Invoice Factoring vs invoice discounting
There are different forms of invoice finance, such as factoring and discounting:
– Invoice Factoring: The finance provider takes full control of the sales ledger and credit control, directly managing the collection of payments from customers.
– Invoice Discounting: The business retains control of its sales ledger and continues to collect payments from customers. The finance provider simply provides an advance based on the value of the outstanding invoices. Businesses often choose invoice finance to manage cash flow, meet immediate financial needs, or fund growth without waiting for customers to pay their invoices.
How do I choose an Invoice Finance provider?
Choosing the right invoice finance provider is crucial for the success of your business. As a broker we are here to support you in finding the right options. Here are just some of the key factors to consider when selecting an invoice finance provider:
1. Costs and Fees:
– Service Fees: Understand the service fees charged by the invoice finance provider. This could include discount fees, service charges, and any additional fees for credit checks or other services.
– Discount Rates: If you’re opting for invoice discounting, be aware of the discount rates associated with the advance. Factor in the total cost of financing when comparing providers.
2. Advance Rates:
– Different providers offer different advance rates, which represent the percentage of the invoice amount they are willing to advance. Consider providers that offer competitive advance rates to ensure you receive a substantial upfront payment.
3. Credit Control:
– Inquire about the credit control services provided by the invoice finance company.
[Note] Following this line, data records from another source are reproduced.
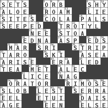 ACROSS 1. Puts into a specified state 5. Globe 8. Like a shrinking violet 11. _ vera 12. Wander 14. Untruth 15. Locates 17. Root beer relative 18. Friends 19. Oozed 21. TNT 23. Born 25. Portico 26. Pulitzer Prize-winning author Ferber 27. Viper 28. Begley and Asner 31. Make imperfect 33. _ Lanka 35. Long narrow piece of something 37. Pacific island yam 38. What Jean-Claude Killy likes to do 40. At sea 41. Get up 43. Period 45. Directed 46. Beverage made from leaves 47. Was introduced to 50. Actor Baldwin 52. Louse (plural) 53. Tired old horse 54. Speaker 56. Full of chinks, cracks, or crevices 61. Messy guy 62. For fear that 65. Spanish missionary in California 66. Snakelike fish 67. Needle case 68. Raised platform 69. Mature 70. Car or cant ending 71. Otherwise DOWN 1. Backtalk 2. Writer Wiesel 3. Carry 4. Ooze 5. The grampus (Milton) 6. Friend of Pooh 7. Greek mezzo-soprano Agnes 8. Kill 9. Land elevation 10. It is so 13. Shops 16. Transmit 18. Parent Teacher Assoc. 20. Lairs 22. I made a mistake 24. Hearing organs 26. Greek god of love 28. Celtic language 29. Passed on 30. Health resort 31. Female horse 32. Operatic vocal solo 34. Eisenhower's nickname 36. Baby powder 37. Make lace 39. SW Asia republic 42. Give off 44. Having or resembling wings 48. Learning spot: Fr. 49. Cylindrical with tapered ends 51. The front part of a cuirass 52. Experiment locale 54. Cassini of fashion 55. Hero or heavy, e.g. 57. Ancient Persian 58. Relating to the mouth 59. Indian titles of respect 60. Relaxation 61. Ocean 63. Institute legal proceedings 64. Shallow baking pan
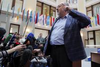 Boris Nadezhdin, a liberal Russian politician who is seeking to run in the March 17 presidential election, speaks to journalists during his visit to the Russia's Central Election Committee to submit signatures gathered for him for the upcoming presidential election, in Moscow, Russia, Wednesday, Jan. 31, 2024. Under Russian law, independent candidates must gather at least 100,000 signatures from 40 regions or more in order to get on the ballot. (AP Photo)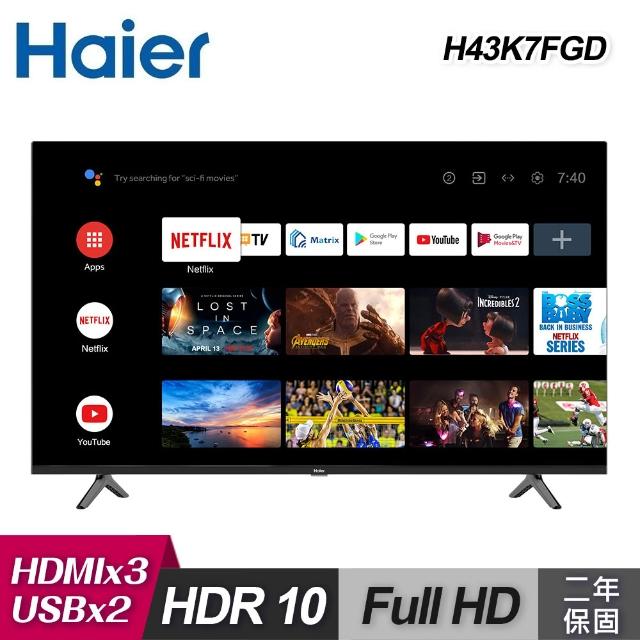 Haier 海爾H43K7FGD 43型|FHD Android 11.0 聲控液晶顯示器|含運無安裝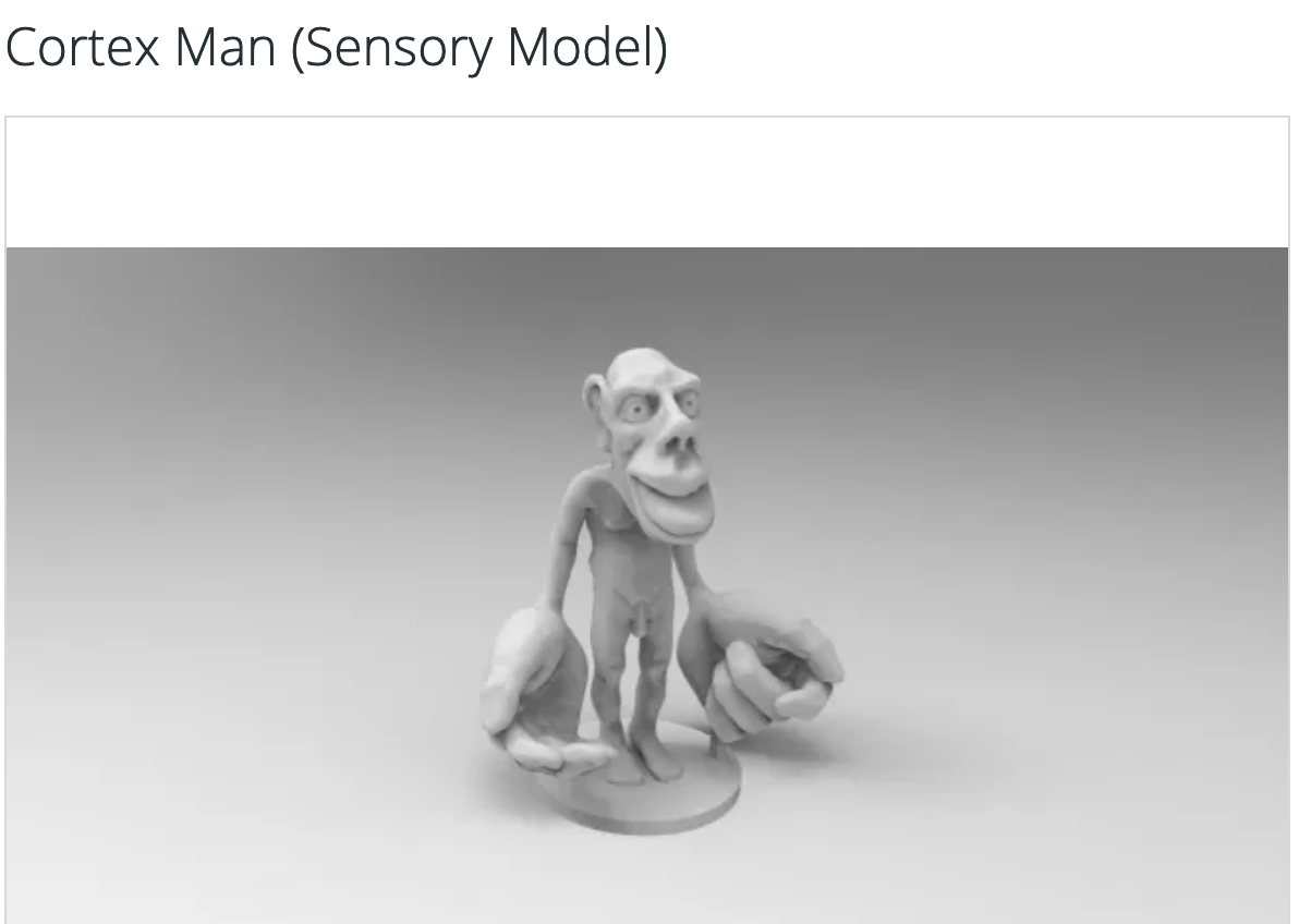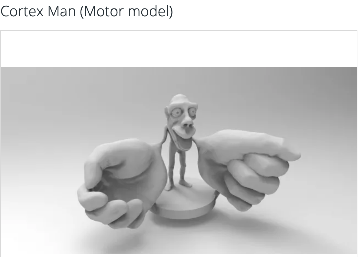 3-D motor homunculus (shows how some parts of the body are under more precise control/larger = more control)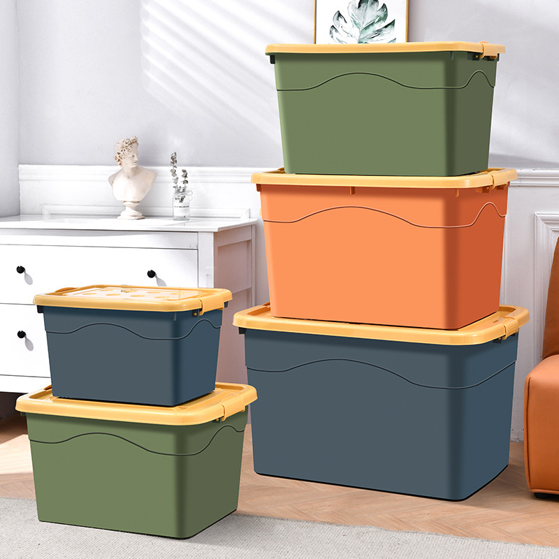 厚いプラスチック収納ボックスは家庭用引っ越し整理箱に収納されています。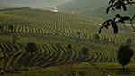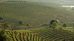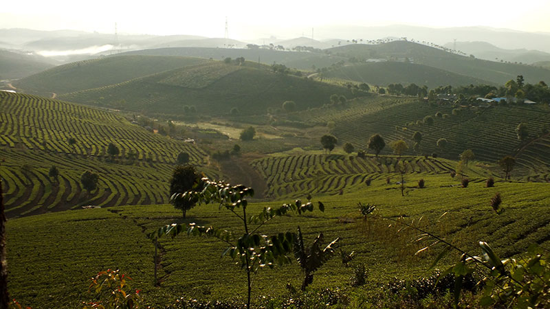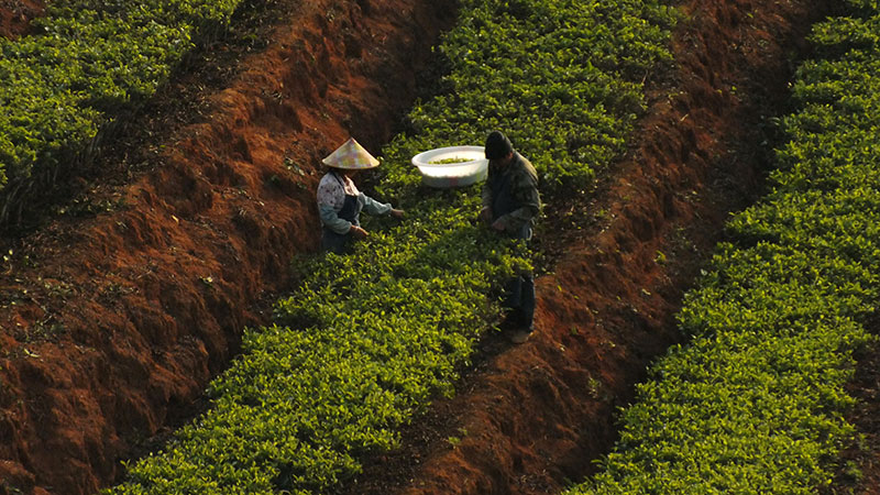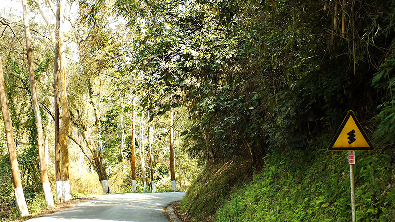 Der nächste Morgen bringt eine wunderschöne Fahrt, meist kurvig bergauf bergab durch Wald mit sich immer wieder bietenden Aussichten auf die Teeplantagen. Während ich im schattigen Wald radle, blicke ich auf eine Landschaft, die eindrucksvoll vom Menschen gestaltet ist. Terrassenartig sind die Berge bis zum Horizont mit Teebüschen überzogen. Das frische Grün der neu ausgetriebenen Teeblätter leuchtet in der Sonne, hier und da wird auch schon fleißig geerntet. Vereinzelt sehe ich sogar auch Plantagen, in denen Teebäume wachsen, eben jene ursprünglich aus diesen „Teebergen“ Südyunnans stammenden Bäume (Qingmao, Camellia sinensis), aus dessen Blättern seit etwa 1700 Jahren der sogenannte Pu’er Tee gemacht wird.

Some providers take over the responsibility of collecting payments from your customers, while others may allow you to manage collections yourself.
4. Flexibility:
– Look for flexibility in the terms and conditions of the agreement. A provider that can tailor their services to meet your specific business needs, such as accommodating seasonal variations, can be valuable.
5. Speed of Funding:
– Evaluate how quickly the invoice finance provider can process and fund your invoices. Quick access to cash is often a primary reason for using this financing method, so choose a provider with efficient processes.
6. Reputation and Reliability:
– Research the reputation and reliability of the invoice finance provider. Look for reviews, testimonials, and references from other businesses that have used their services. A reputable provider is more likely to deliver on their promises.
7. Contract Terms:
– Carefully review the terms and conditions of the contract. Understand the length of the agreement, any termination fees, and the provider’s policies on minimum and maximum funding amounts.
8. Transparency:
– Choose a provider that is transparent about their fees, terms, and processes. Hidden fees or unclear terms can lead to unexpected costs and complications down the line.
9. Industry Experience:
– Consider whether the invoice finance provider has experience working with businesses in your industry. Familiarity with the specific challenges and payment practices of your industry can be advantageous.
10. Technology and Online Tools:
– Evaluate the technology and online tools offered by the provider. User-friendly platforms and digital tools for submitting invoices and tracking transactions can enhance the efficiency of the financing process.
Taking the time to thoroughly research and compare invoice finance providers based on these factors will help you make an informed decision that aligns with your business needs and financial goals. We can speed up this process and ensure you are evaluating the right options for you.